• _Collected data entries_
════════════════════
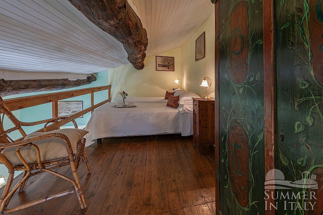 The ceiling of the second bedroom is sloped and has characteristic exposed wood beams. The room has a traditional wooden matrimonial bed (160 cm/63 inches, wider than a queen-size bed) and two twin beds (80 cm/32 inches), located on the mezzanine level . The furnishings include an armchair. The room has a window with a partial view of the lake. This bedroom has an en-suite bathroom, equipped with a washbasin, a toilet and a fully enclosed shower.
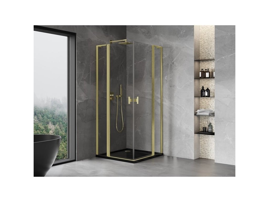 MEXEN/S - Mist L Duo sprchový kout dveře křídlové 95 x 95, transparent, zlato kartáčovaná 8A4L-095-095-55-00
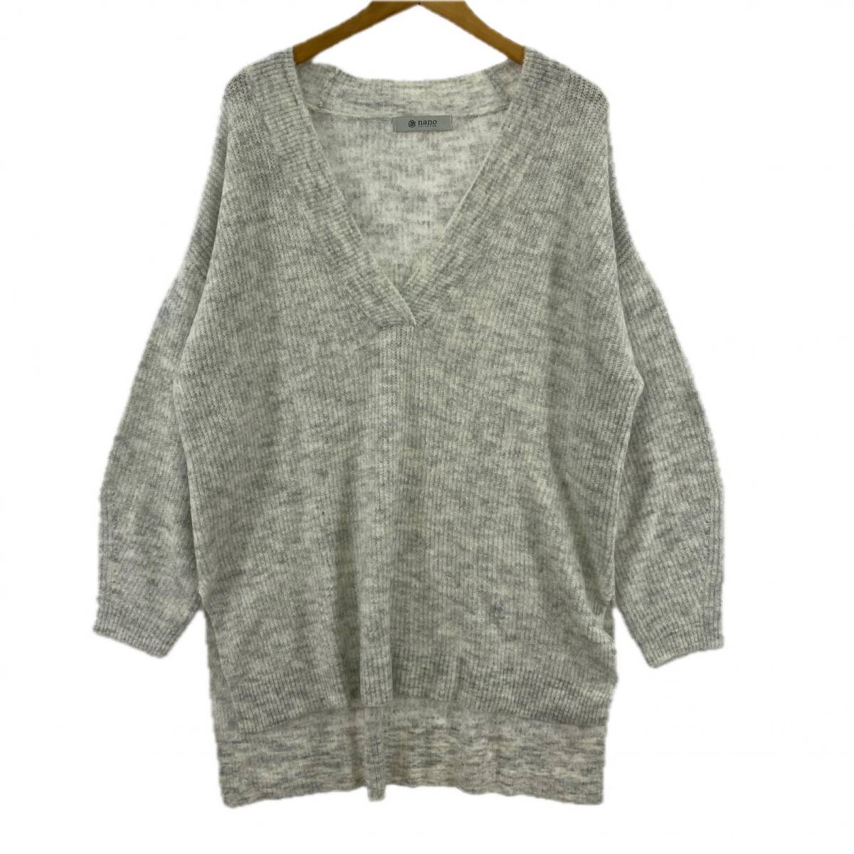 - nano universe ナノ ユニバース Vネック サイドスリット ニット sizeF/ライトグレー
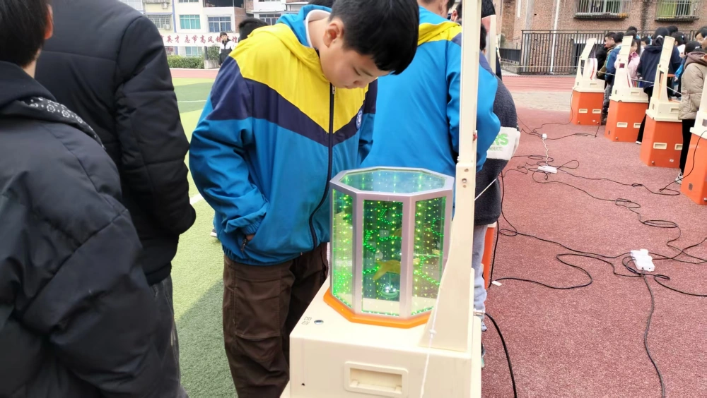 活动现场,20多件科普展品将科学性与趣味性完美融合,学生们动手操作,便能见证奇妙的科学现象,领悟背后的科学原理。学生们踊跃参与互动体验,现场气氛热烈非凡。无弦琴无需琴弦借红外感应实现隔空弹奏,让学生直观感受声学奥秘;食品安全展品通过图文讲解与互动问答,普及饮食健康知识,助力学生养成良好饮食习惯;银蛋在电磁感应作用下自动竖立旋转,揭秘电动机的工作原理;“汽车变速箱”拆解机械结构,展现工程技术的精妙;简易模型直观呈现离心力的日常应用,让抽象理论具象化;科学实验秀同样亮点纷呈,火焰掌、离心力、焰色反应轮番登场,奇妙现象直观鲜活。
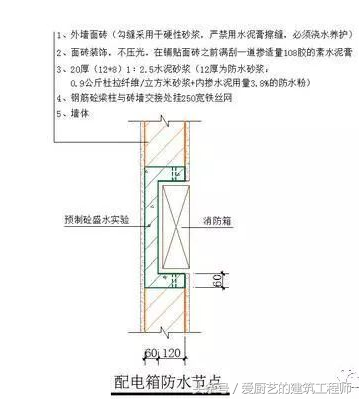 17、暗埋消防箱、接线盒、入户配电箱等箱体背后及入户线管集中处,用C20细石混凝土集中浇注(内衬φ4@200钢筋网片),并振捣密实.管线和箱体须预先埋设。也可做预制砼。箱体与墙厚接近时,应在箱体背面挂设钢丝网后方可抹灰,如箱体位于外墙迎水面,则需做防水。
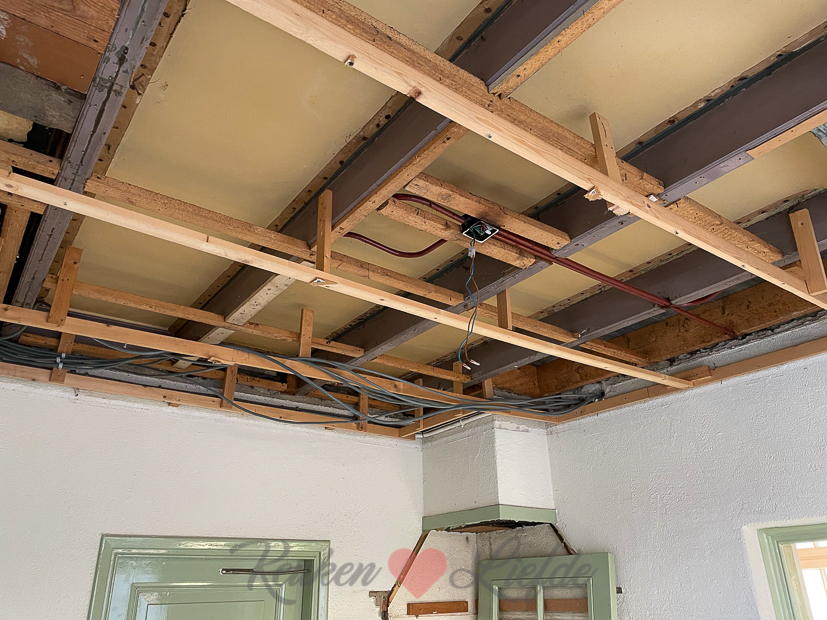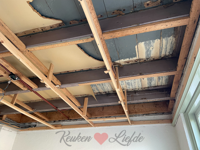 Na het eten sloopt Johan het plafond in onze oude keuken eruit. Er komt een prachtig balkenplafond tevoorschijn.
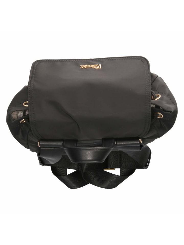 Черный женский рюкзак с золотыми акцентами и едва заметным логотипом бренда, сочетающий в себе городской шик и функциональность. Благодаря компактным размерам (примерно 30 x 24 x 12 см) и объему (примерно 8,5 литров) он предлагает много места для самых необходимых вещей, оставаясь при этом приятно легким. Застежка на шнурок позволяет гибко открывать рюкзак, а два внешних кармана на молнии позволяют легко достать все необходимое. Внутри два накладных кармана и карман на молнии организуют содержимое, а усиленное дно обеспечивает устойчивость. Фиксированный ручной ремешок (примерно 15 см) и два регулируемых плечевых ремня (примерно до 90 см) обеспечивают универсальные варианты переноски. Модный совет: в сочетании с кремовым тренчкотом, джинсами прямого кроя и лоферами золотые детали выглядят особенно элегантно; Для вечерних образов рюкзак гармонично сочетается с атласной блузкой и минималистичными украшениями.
════════════════════
• _Exercise requirements_
Please reproduce the entries above exactly, from their first line to the line holding "活动现场,20多件科普展品将" inclusive, and nothing else; the pictures stay out.

• _Result_
 The ceiling of the second bedroom is sloped and has characteristic exposed wood beams. The room has a traditional wooden matrimonial bed (160 cm/63 inches, wider than a queen-size bed) and two twin beds (80 cm/32 inches), located on the mezzanine level . The furnishings include an armchair. The room has a window with a partial view of the lake. This bedroom has an en-suite bathroom, equipped with a washbasin, a toilet and a fully enclosed shower.
 MEXEN/S - Mist L Duo sprchový kout dveře křídlové 95 x 95, transparent, zlato kartáčovaná 8A4L-095-095-55-00
 - nano universe ナノ ユニバース Vネック サイドスリット ニット sizeF/ライトグレー
 活动现场,20多件科普展品将科学性与趣味性完美融合,学生们动手操作,便能见证奇妙的科学现象,领悟背后的科学原理。学生们踊跃参与互动体验,现场气氛热烈非凡。无弦琴无需琴弦借红外感应实现隔空弹奏,让学生直观感受声学奥秘;食品安全展品通过图文讲解与互动问答,普及饮食健康知识,助力学生养成良好饮食习惯;银蛋在电磁感应作用下自动竖立旋转,揭秘电动机的工作原理;“汽车变速箱”拆解机械结构,展现工程技术的精妙;简易模型直观呈现离心力的日常应用,让抽象理论具象化;科学实验秀同样亮点纷呈,火焰掌、离心力、焰色反应轮番登场,奇妙现象直观鲜活。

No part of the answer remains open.